Where my_struct is a struct-of-arrays containing my data (fluid state and others).

My question is, why does the benchmarking report suggest that there is a latency issue if my kernel should have coalesced memory access, which I assume would obviate latency issues? Could it be that because my kernel is so compute-intensive, most of the warps are busy with compute and the scheduler cannot issue additional instructions?

I’ve also inspected the source code and navigated to the line with the highest hits of stall_long_sb (following the advice in this post) but that line is trivial, boiling down to something like return (value < tolerance_val) ? 0 : a / b;. In this line, I assume the issue is rather in the latency of loading a and b**, but I can’t see why there would be a latency issue in the first place. Also, this line says 272k instructions executed and 1026 long_stall_sb. Does this indicate that there are actually very few stalls compared to the total instructions executed?

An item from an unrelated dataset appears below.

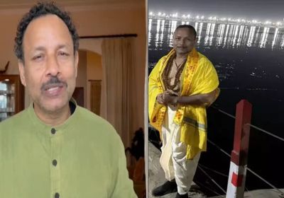 समाजवादी पार्टी के प्रवक्ता अनुराग भदौरिया ने संगम में स्नान किया, महाकुंभ में पुजारी की वेश में नजर आए
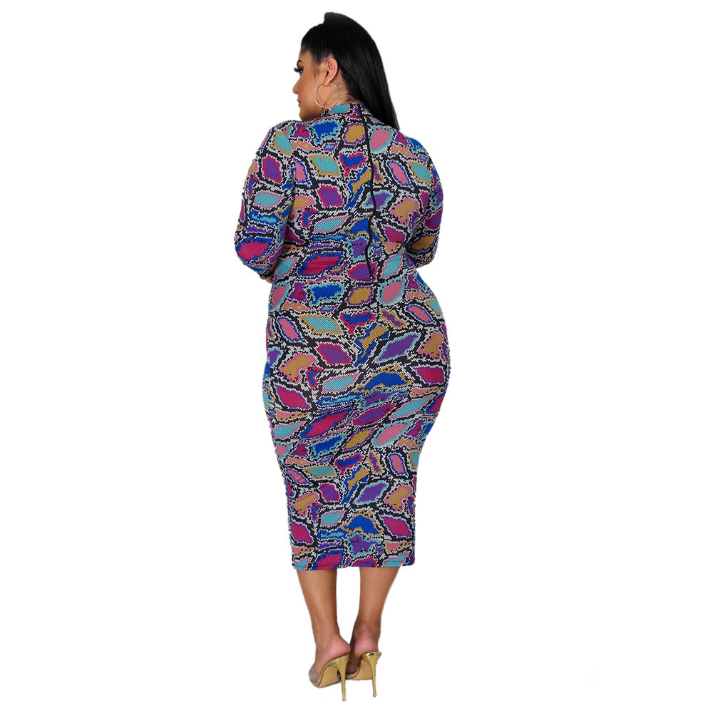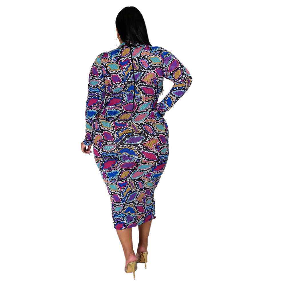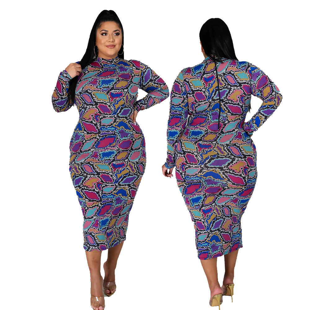 Plus Size Fall Winter Long Sleeve Turtleneck Irregular Asymmetric Plaid Printed Slim-Fit Sexy Women Dress

*I claimed I’m not using local memory, but could register spilling lead to the use of local memory, which I believe boils down to accessing global memory (as mentioned here) which would in turn explain the latency?

**Edit: I further looked at the SASS code and register dependencies after reading this post, confirming that the stall is due to reading data from my_struct. But again, the read pattern (as shown in the code block above) should lead to a coalesced memory transaction, which I imagine would obviate any latency issues. I’m quite stuck at this point, because my kernel boils down to reading from a 1D array in a fully coalesced manner (with adjacent threads reading contiguous memory locations) and then performing many maths operations. How could latency even be an issue here?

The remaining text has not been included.